A dialectical strategy

Steven Bland

pp. 175-214

In light of the findings of earlier chapters that anti-sceptical responses to epistemic relativism are unsuccessful, this chapter outlines other strategies of addressing the threat of relativism. Following Boghossian, Seidel attacks the relativist's doctrine of epistemic pluralism. In doing so, he engages in a foundational analysis into the relations of justificational dependence between epistemic methods. This chapter argues that this is the wrong tool for the job; instead, epistemic relativism should be addressed by analyses that uncover relations of presuppositional dependence.
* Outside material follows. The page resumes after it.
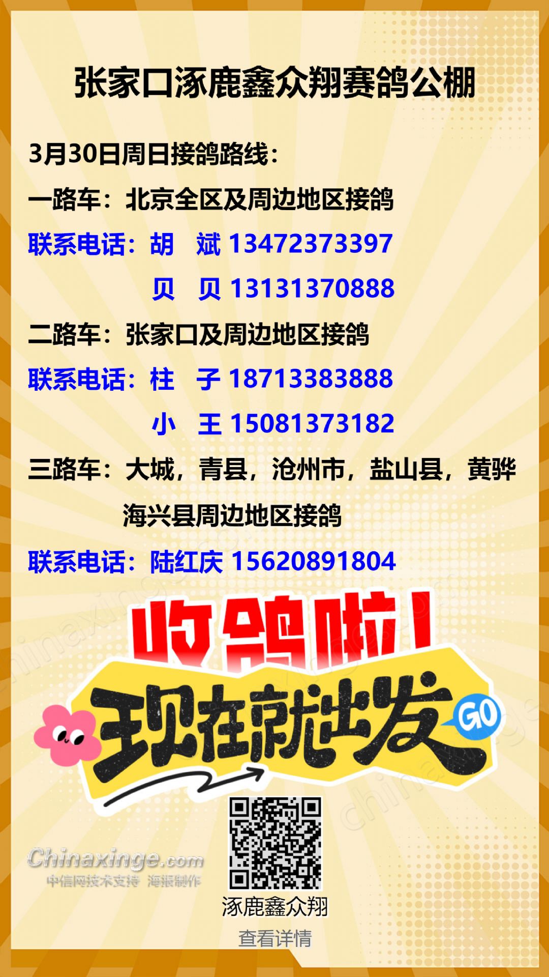 3月30日周日接鸽路线
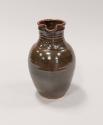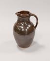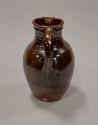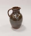 About MeTall stoneware jug with ovoid body and short concave neck. It has a rolled collar and rim with integral lip and a pulled short strap handle which sits high on the body.

Using this tool, we find that non-naturalistic methods depend on basic naturalistic methods for their application, and therefore, the former can be no more truth-conducive than the latter. We also find that the basic empirical and non-empirical methods that naturalists use depend on one another for their application, such that neither can be more truth-conducive than the other. Together, these findings constitute definitive grounds in favour of the absolutist and naturalist presumptions, though they do nothing to address the threat of Pyrrhonian scepticism.

Publication details

DOI: 10.1007/978-3-319-94673-3_9

Full citation:

Bland, S. (2018). A dialectical strategy, in Epistemic relativism and scepticism, Basingstoke, Palgrave Macmillan, pp. 175-214.